Well it took 15 weeks for this bad boy to arrive to it's new home…. a Loaded CR-512…..I still have to put together the Computer center and get the Vacuum system, then just learn how to turn it on….


----------



## Minorhero

That thing is awesome looking. What do you plan to use it for?


----------



## Gshepherd

I am really interested in doing large 3D carvings, Wall Panels and push comes to shove some Commercial Cabinets, I also got a edgebander just in case.. It is also set up for soft metals.


----------



## Tedstor

I'm guessing you didn't get that off Craigslist for a hundred bucks  LOL.


----------



## Gshepherd

You guessed right, just a Kidney and 1 Arm…. I saved the Plastic they shipped it in so I have a tent to live in now…..


----------



## Mosquito

^ LOL

That thing looks sweet. A serious CNC for sure


----------



## misterbig

Wow….just wow


----------



## waho6o9

Congratulations! What an awesome addition to your shop!


----------



## mochoa

Dang! that's a big aas machine. Cant wait to see how it is put to use.


----------



## Sodabowski

Whoa oO


----------



## freddy1962

REAL Nice! Does this machine have the capability to scan a subject to carve? Or an add-on that does that.


----------



## Gshepherd

Freddy, that is an add-on wic now is a handheld scanner vs the probe type. The Hand held Scanner is around 600.00…. I was told that is the best way to go and gets better results vs the probe type…

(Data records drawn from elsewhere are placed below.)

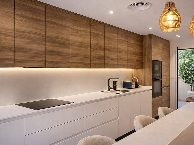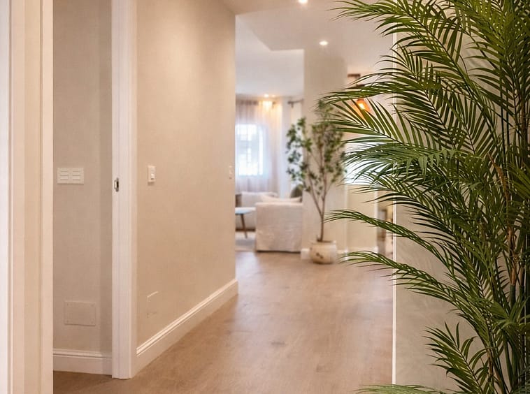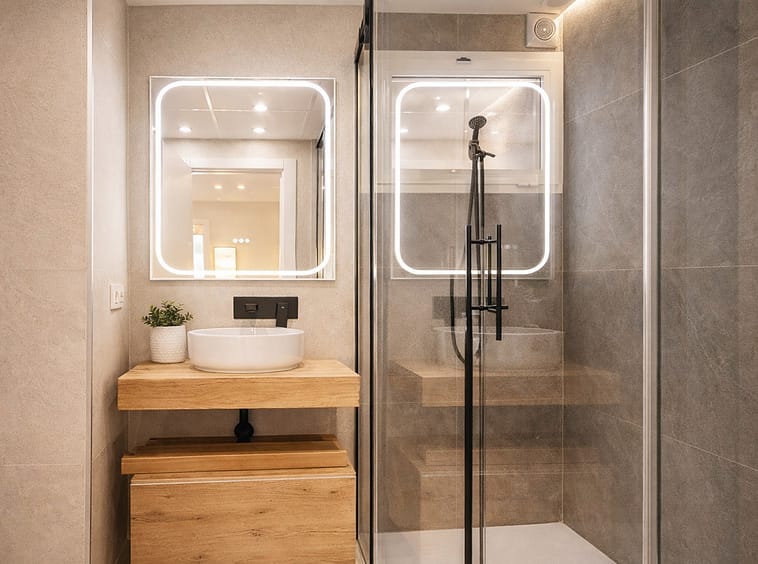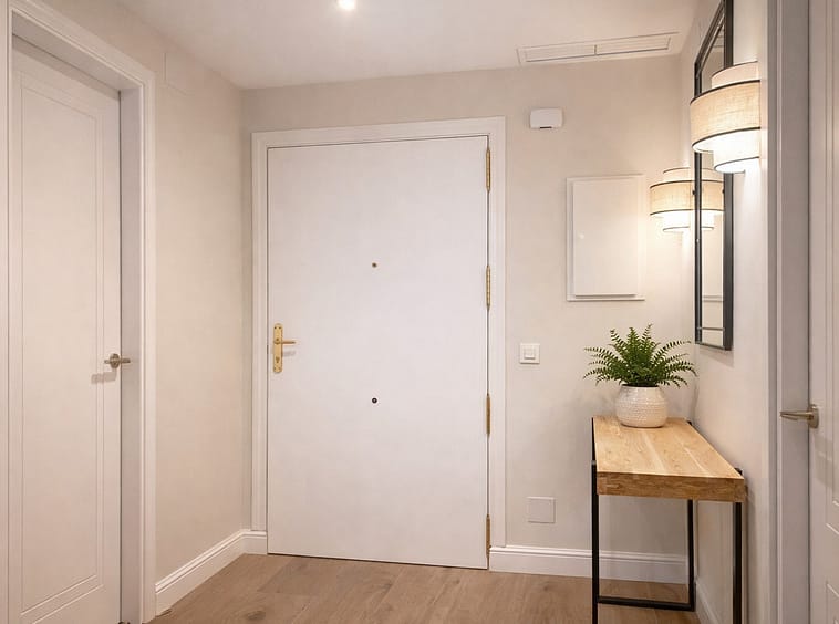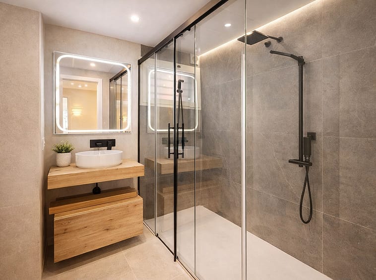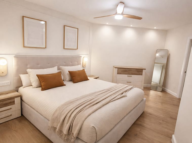 The apartment features three spacious bedrooms, all with new, lined, and illuminated built-in wardrobes, as well as ceiling fans and a powerful air conditioning system (8,000 frigories) that ensures maximum comfort throughout the year. The master bedroom has an en-suite bathroom with a modern shower and access to a balcony overlooking the interior of the complex, while the other two bedrooms—one currently used as a dressing room—share a second full bathroom. Both bathrooms stand out for their complete renovation with top-quality finishes, each featuring exterior windows that provide perfect ventilation. They include sliding glass shower screens designed to offer greater comfort and elegance.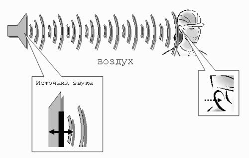 В результате колебания передаются по воздуху на расстояние, т. е. в воздухе распространяется звуковая или акустическая волна, или, попросту, звук. Звук, достигая уха человека, в свою очередь, возбуждает колебания его чувствительных участков, которые воспринимаются нами в виде речи, музыки, шума и т. д. (в зависимости от свойств звука, продиктованных характером его источника).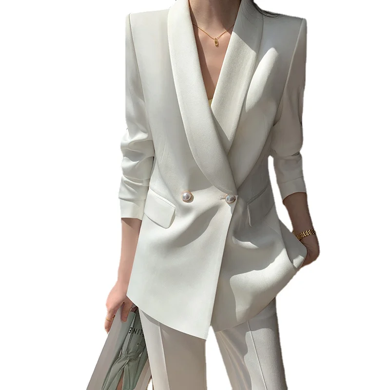 Женский брючный костюм из двух предметов, элегантный белый Повседневный пиджак и брюки, офисная одежда для менеджера, весна 2023

I did get Vectric Aspire , Cut 3D, the I went on and got the Vectric Wildlife and Western scene package.
I will get some cabnet software which is around 2-300 bucks for what I need.

There are so many available files by so many diffrent companys right now I am not worried to much on learning how to do everything myself cause I know it will take some time.

Since I do commercial jobs, I wanted to be able to provide those big textured panels, signs, and I will get the Hand Held scanner and try to do some restoration work as well… If you want more info on the scanner let me know I will hunt it down for you… I am excited with this CNC the 15 weeks waiting for it sucked…

Check out Cubify.com and the 3D Scanner….


----------



## freddy1962

Good luck to you.  That is a sweet looking machine. I went to your site and noticed you've had a lot of work in the Denver area. That Vectric scene package should work well in that whole region. Maybe a lot of mantles in your future, plus a lot of other cool stuff. Just read your last paragraph again…more commercial use. I have a friend who does the commercial signs, ect. His machine rarely stops during the warm months.


----------



## Gshepherd

I will be posting on the CNC Forum, as time goes with my thoughts on the CAMaster…. I have 4 hours of training with Luke I will go through and will post my good or bad experiences. I am a Rookie when it comes to CNC so this will be quite an experience I am sure.

I know there are a lot of guys and gals out there who would probably want one but may reluctant. I have been married twice so I am not scared of anything anymore…except snakes…..


----------



## rantingrich

I will assume this is NOT made in China


----------



## levan

Nice toy


----------